The Germans arrived in Estonia in early July 1941 with their handpicked Estonians. As in Lithuania and Latvia, the Soviet occupation of Estonia had forced thousands of people to flee the country, many to Berlin. This left the Germans their choice of future collaborators. Many Estonians wished to return; the Germans could choose the ones they saw as most useful to their own purposes. The double occupation, here as elsewhere, meant a double filtering of the political elite. The Soviets destroyed the former ruling class; the Germans now prevented anyone who did not seem sufficiently pliable from returning. Naturally, the Nazi selection excluded the political Left and Center. As elsewhere that summer, the Germans could exploit moral, material, and political resources created by the Soviet occupation.

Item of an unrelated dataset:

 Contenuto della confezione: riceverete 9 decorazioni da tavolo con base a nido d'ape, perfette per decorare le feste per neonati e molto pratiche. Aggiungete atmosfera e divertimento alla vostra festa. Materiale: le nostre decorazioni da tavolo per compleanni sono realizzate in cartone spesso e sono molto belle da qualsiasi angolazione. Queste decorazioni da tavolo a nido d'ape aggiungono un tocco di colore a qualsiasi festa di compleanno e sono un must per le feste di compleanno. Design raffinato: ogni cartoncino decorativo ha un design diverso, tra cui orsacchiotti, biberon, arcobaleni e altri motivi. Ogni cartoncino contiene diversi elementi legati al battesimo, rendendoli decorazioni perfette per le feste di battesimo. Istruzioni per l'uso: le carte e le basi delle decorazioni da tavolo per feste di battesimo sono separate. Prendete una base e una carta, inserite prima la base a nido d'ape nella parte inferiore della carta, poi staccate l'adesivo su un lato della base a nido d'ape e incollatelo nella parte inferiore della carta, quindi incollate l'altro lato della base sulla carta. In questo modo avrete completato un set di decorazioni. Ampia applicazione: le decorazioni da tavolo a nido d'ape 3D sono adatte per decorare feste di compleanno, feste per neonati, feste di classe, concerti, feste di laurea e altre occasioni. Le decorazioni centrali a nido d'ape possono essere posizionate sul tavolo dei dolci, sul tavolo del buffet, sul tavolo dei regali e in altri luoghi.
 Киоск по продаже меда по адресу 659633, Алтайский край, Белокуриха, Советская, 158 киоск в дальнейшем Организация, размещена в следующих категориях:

As in Latvia and Lithuania, the political resource in Estonia was especially abundant. An entire state had been destroyed in humiliating and vicious fashion only a year earlier, so people were prepared for personal and political redemption. By July 1941, when
Einsatzgruppe
A reached Estonia, the Germans had perfected their argument that the liberation that they offered was from Jews and that local participation in such liberation was a precondition to political negotiations. As in Lithuania and Latvia, locals in Estonia served as translators of this message, adding the element that the Germans themselves would not have understood: that if Estonians collaborated with the second (German) occupier, their first (Soviet) collaboration would be forgotten. No pogroms of Jews took place in Estonia, nor were such seen as necessary by the Germans.

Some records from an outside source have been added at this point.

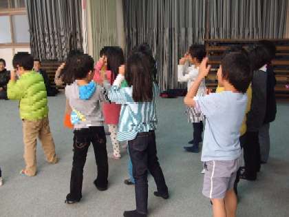 写真下)ゲストティーチャーの方にお礼の歌を歌っている様子
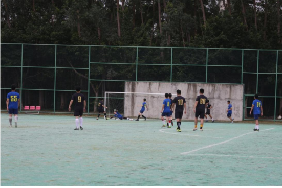 双方球队在校时期都属于经统学院校队,参加校级足球联赛,可以说对彼此的风格和踢法特点都十分了解。上半场刚开始,双方就直接短兵相接,没有太多的试探,激烈拼抢,场面激烈但是都未能形成威胁射门,半场闷平,比分0:0。下半场,1415经统联队率先作出改变,全线往前推进,下半场5分钟,61号球员面对对方两名防守球员,依靠个人能力晃开后卫后突施冷箭,劲射远角,打入本场比赛首枚进球,吹响进攻号角;比赛来到10分钟,1415经统获得角球,13经统门将扑球脱手,1415经统联队61号球员抢先补射打入空门,1415经统2:0领先。12分钟,13经统联队大禁区顶远射中梁弹出,1415经统联队后卫抓住反击机会拿到球后长传找到61号球员,61号球员形成单刀,过掉门将起脚可惜射门偏出。17分钟,1415经统联队球员中路组织进攻,再次长传找到61号球员,通过挑球过掉对方最后一名中后卫后凌空抽射破门。终场哨声响起,最终比分1415经统联队 3:0 13经统联队。
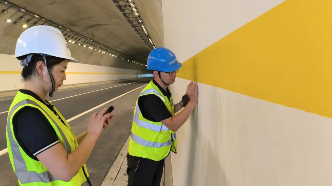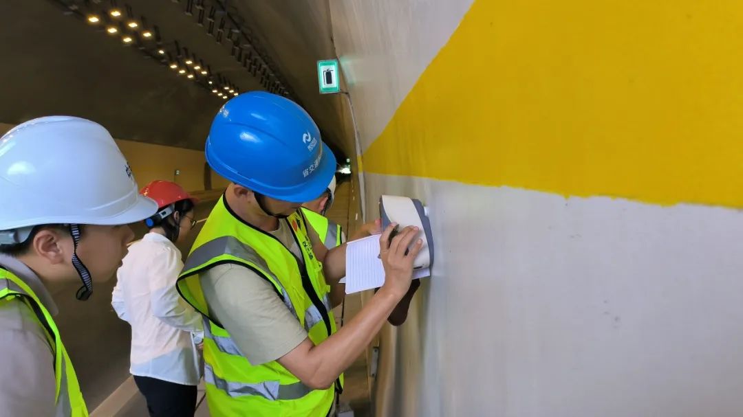 近日,漳州交發建設集團所屬通平公司委托福建省交通科研院有限公司對漳武線永定至南靖高速公路南靖段隧道洞壁亮化工程進行交工驗收前現場質量抽檢。

Double collaboration was quite widespread. Some of the Estonian anti-Soviet partisans known as the Home Guard killed Jews; the most zealous killers among those partisans were Estonian communists who had switched sides as the German invasion began in order to clear their names. The Estonian policemen who had collaborated in the Soviet deportations of Estonians and Jews now carried out the German murder of Estonians and Jews. Whereas the Soviets deported about ten thousand Estonian citizens, including about 450 Jews, under German occupation some ten thousand Estonian citizens were executed, among them 963 Jews. From the local perpetrator’s perspective the work was not entirely different.

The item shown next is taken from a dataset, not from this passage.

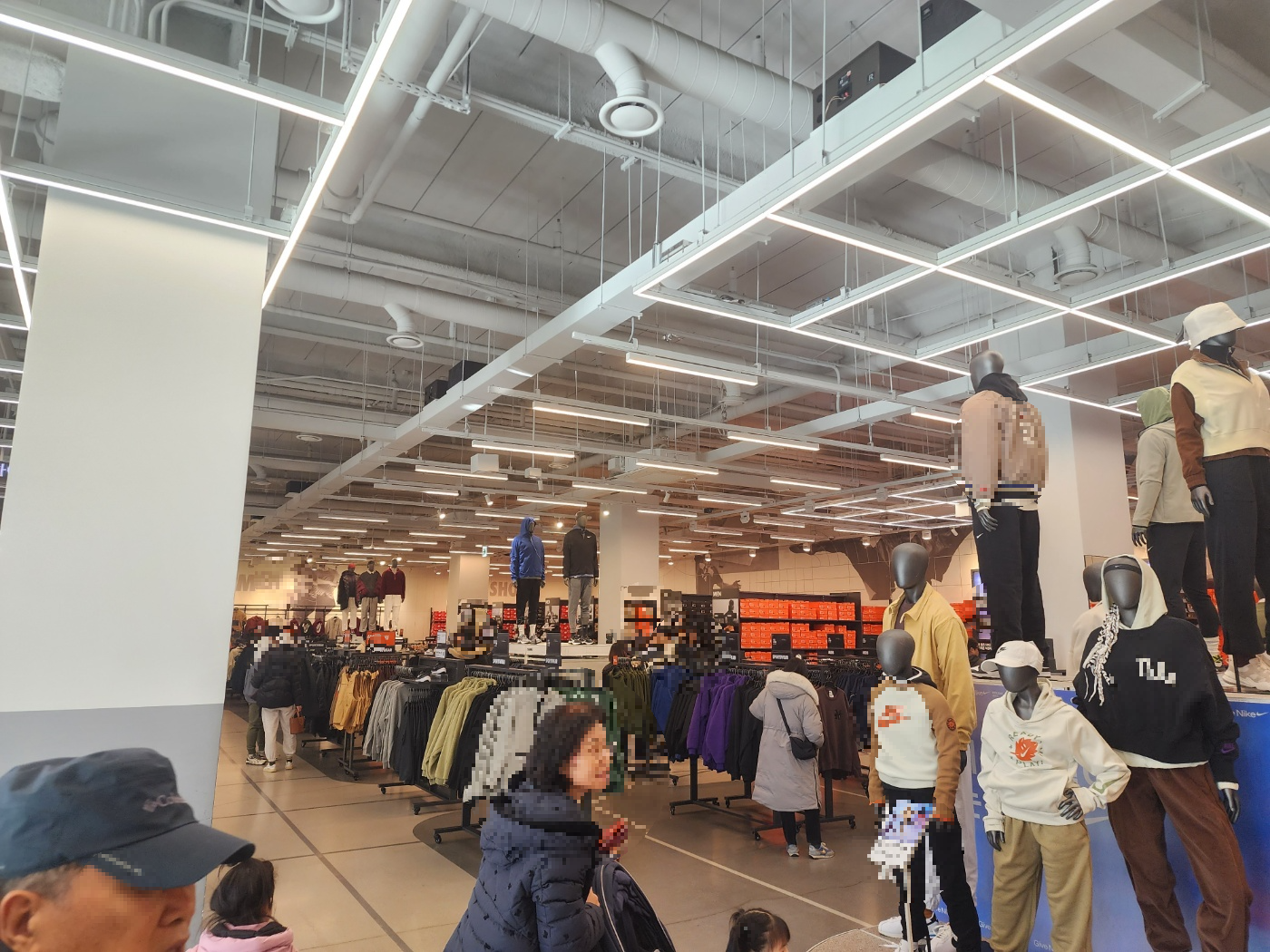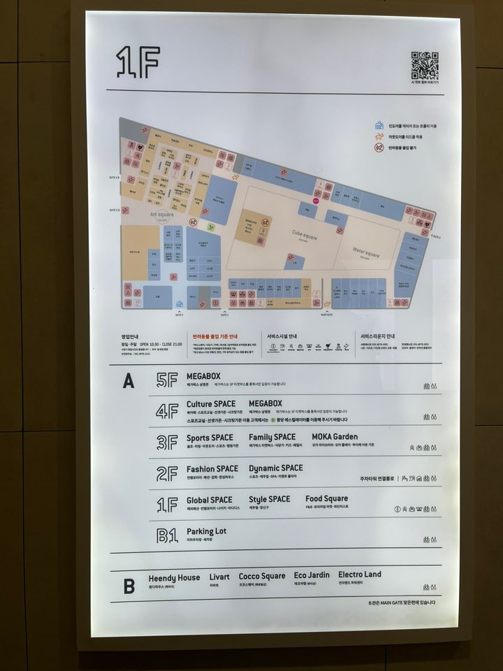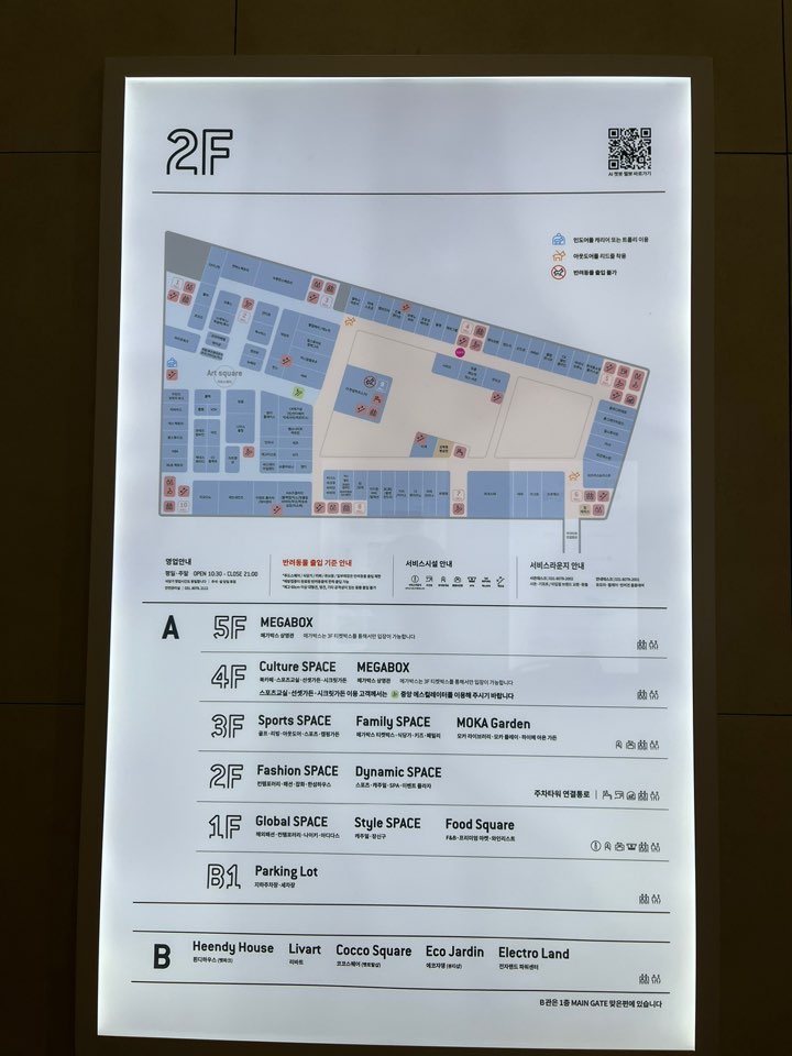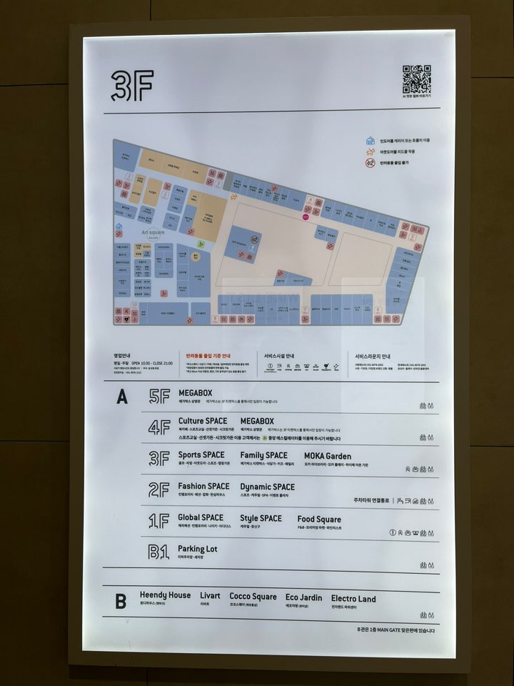 지하 1층에서 엘레베이터를 타시면 1~3층까지가 매장이 있는 층입니다. 1층에 푸드코드가 있고, 아디다스와 나이키 매장이 있지만 3층에도 스포츠, 아웃도어 매장이 있었습니다.4층은 문화센터가 있고, 4, 5층은 메가박스 영화관이 있습니다.

Former employees of the Soviet NKVD were especially significant in the mass murder of Jews in Estonia. Ain-Ervin Mere, for example, was an NKVD agent and director of a special department of the Estonian Rifle Corps, a Soviet unit that was supposed to defend Soviet Estonia from capitalist invasion. Instead he joined the Estonian Security Police under the Germans, serving as its commander from May 1942 through March 1943. The Estonian Security Police was the major agency charged with the murder of Jews. From April 1943 through the end of the war, Mere was a battalion commander in a
Waffen-
SS division. Ervin Viks, an Estonian policeman in the interwar period, worked for the NKVD in 1940 and 1941. Then he joined the Estonian Security Police under the Germans, where he ordered hundreds of executions of Jews and non-Jews. Alexander Viidik had served in the Estonian Political Police before the war, then offered his services to the Soviet NKVD in 1940. After the German invasion he worked for the SD, the intelligence section of the SS, where he recruited his former Soviet contacts.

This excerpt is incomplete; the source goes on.